The EEOC investigated the matter. Instead of simply giving Boddecker the right to sue the county over the case, the commission referred the matter to the Justice Department, which sued the county on Boddecker’s behalf. Facing mounting costs and an opponent with virtually unlimited resources, the county folded.
“Probably the biggest issue: it was getting pretty expensive,” County Attorney Claude A. Joerg said.
Federal cases seem to be the most expensive litigation. Take the case of Assistant District Attorney Elizabeth R. Donatello, who sued the county last February because of alleged mistreatment by District Attorney Michael J. Violante.
Donatello, who was a sex crime prosecutor, was threatened with dismissal after complaining that Violante was not treating her fairly in regard to scheduling and case assignments.
She alleged that a male colleague in the special victims unit, Assistant District Attorney Robert A. Zucco, was paid more than her, while being allowed to arrive late and leave early because he is a single father. Donatello, who is married but childless, makes about $25,000 less than Zucco, who has been with the county 12 years longer.
Donatello also accused Violante of making inappropriate remarks concerning the bodies of female prosecutors.

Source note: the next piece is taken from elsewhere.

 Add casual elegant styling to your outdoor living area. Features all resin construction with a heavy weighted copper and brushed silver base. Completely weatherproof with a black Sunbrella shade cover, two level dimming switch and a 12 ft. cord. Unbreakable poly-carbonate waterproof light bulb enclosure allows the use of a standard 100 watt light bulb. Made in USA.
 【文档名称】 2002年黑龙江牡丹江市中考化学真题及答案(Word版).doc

However, a 2014 Bond Schoeneck investigative report in the case file alleged that Donatello took more time off than any other prosecutor in two of the previous three years, and often initiated sexually oriented conversations in the office.
In response to that, Donatello’s attorney, Andrew P. Fleming, tried to get Bond Schoeneck thrown off the case because the report allegedly made the firm’s attorneys witnesses as well as litigators. In December, U.S. Magistrate Judge Hugh B. Scott denied the motion.

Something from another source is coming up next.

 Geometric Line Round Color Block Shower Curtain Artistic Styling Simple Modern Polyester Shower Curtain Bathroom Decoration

Invoices from Bond Schoeneck that provided the $61,801 tally said six attorneys have worked on the Donatello case, at rates ranging from $115 to $290 an hour. The case seems likely to drag on for a while, since Scott issued a scheduling order Feb. 10 giving the sides another year to complete the evidence-sharing process called discovery.
In June, a state judge allowed Donatello to file a notice of claim that could lead to a second lawsuit, this one over alleged retaliation by Violante in transferring Donatello in 2014 from sex crimes to welfare fraud cases. That move sent her to an office in Niagara Falls, away from all the other prosecutors.

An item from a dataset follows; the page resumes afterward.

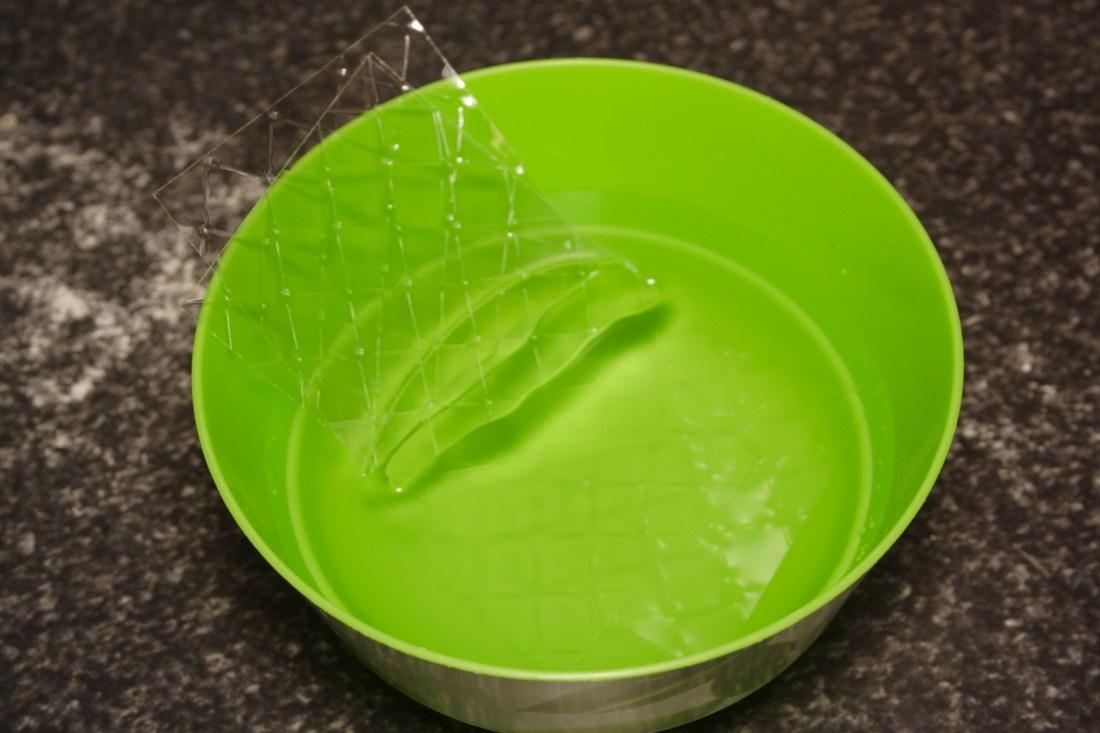 Consejo: Lo he hecho de víspera para que esté bien cuajada la gelatina y bien fresquito. Como comento, pondremos la menta picadita en la gelatina cuando ésta esté completamente fría y justo antes de cubrir la crema de queso. También comento que la receta original lleva 200 gr de galleta, no sé, pero a mí me sobro mucha.

There’s another federal case involving Donatello, but in that one, the county is defending her.
A man she convicted of child sexual abuse, Franklin D. Schafer of Porter, accuses her of violating his constitutional rights. In 2009, Schafer was sentenced to 20 years to life in prison.
His appeals over the conviction were rejected in state courts.
The federal court website shows nothing has happened in Schafer’s civil rights lawsuit since shortly after it was filed in 2012.
The county’s current attorney on the case, Elizabeth M. Bergen of Gibson, McAskill & Crosby, filed a dismissal motion almost four years ago, which has not yet been ruled upon by U.S. District Judge Richard J. Arcara.
Another slow-moving federal case is that filed in 2014 by the leaders of the Deputy Sheriffs Association, Jeffrey J. Newman and Richard H. Werth Jr., over the county’s policy on use of compensatory time by jail guards and dispatchers. Jaeckle Fleischmann billed the county $38,608 on that case last year, bringing the two-year tab to $77,085.
The case contests limits to comp time the county imposes by capping the number of workers allowed off on any given day, caps that the plaintiffs claim violate the federal Fair Labor Standards Act.